The “Abundance Matching Box for the Epoch of Reionization” (AMBER, Trac et al. 2022) is an entirely different approach for modeling cosmic dawn. It is based on an “abundance matching” hypothesis that there exists a monotonic relation between a base field \(\beta (\mathbf {x})\) and the reionization-redshift field at a given location \(z_\mathrm{rei}(\mathbf {x})\) (see, e.g., the left panel of Fig. 11). The functional form of \(z_\mathrm{rei}(\beta )\) can be deduced from the assumed ionization history.

The accuracy of such an ansatz depends critically on the choice for the base field \(\beta (\mathbf {x})\). Trac et al. (2022) showed that using density as the base field is a poor choice, a conclusion that is generally consistent with our discussion in Sect. 5.3. A much better choice for \(\beta \) is an approximation to the ionizing radiation field. The formal solution to the radiative transfer equation for the radiation angle-averaged intensity \(J_\nu \) is

$$\begin{aligned} J_\nu (\mathbf {x}) = \frac{a}{4\pi }\int d^3x_1 \frac{S_\nu (\mathbf {x}_1)}{(\mathbf {x}-\mathbf {x}_1)^2} e^{-\tau _\nu (\mathbf {x},\mathbf {x}_1)}, \end{aligned}$$
(49)

where \(S_\nu \) is the source function and the \(1/(4\pi r^2)\) term is the inverse-square law for the flux.

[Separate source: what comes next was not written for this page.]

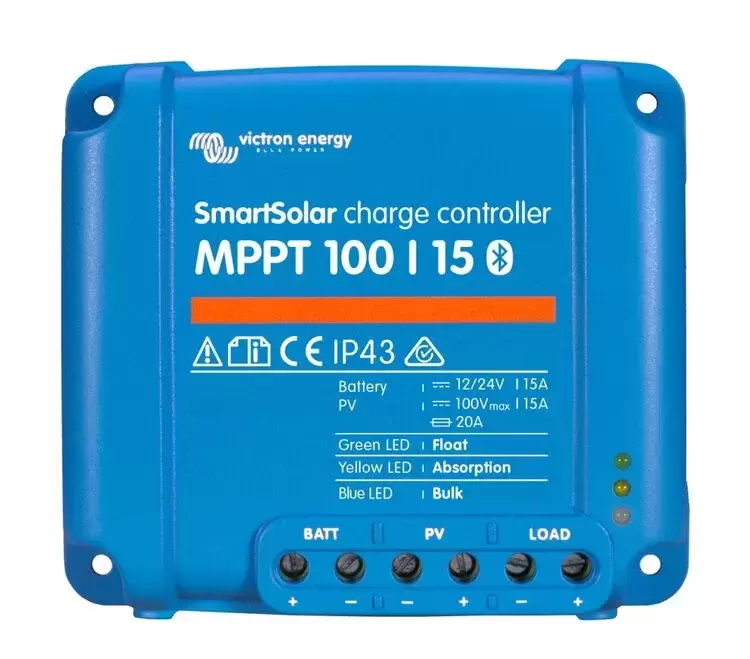 El controlador de carga Smartsolar 100/15 de Victron Energy es un controlador de carga solar MPPT

Since this equation is not a convolution, it cannot be easily evaluated on an arbitrary mesh or particle distribution and would require using some of the methods for solving the radiative transfer equation discussed in Sect. 3.1.

There is, however, an ansatz that permits a fast – O(N) or \(O(N\log N)\) – evaluation for an arbitrary set of N target points \(\mathbf {x}\), and which, on average, gives the correct value for the radiation field:

$$\begin{aligned} \tau _\nu (\mathbf {x},\mathbf {x}_1) \rightarrow \frac{1}{\lambda _\mathrm{mfp}(\nu )}\Vert \mathbf {x}-\mathbf {x}_1\Vert . \end{aligned}$$

Equation (49) then becomes a convolution,

$$\begin{aligned} J_\nu (\mathbf {x}) = \frac{a}{4\pi }\int d^3x_1 \frac{S_\nu (\mathbf {x}_1) }{(\mathbf {x}-\mathbf {x}_1)^2} e^{-\frac{\Vert \mathbf {x}-\mathbf {x}_1\Vert }{\lambda _\mathrm{mfp}(\nu )}}, \end{aligned}$$
(50)

which can be solved in O(N) operations for N spatial locations.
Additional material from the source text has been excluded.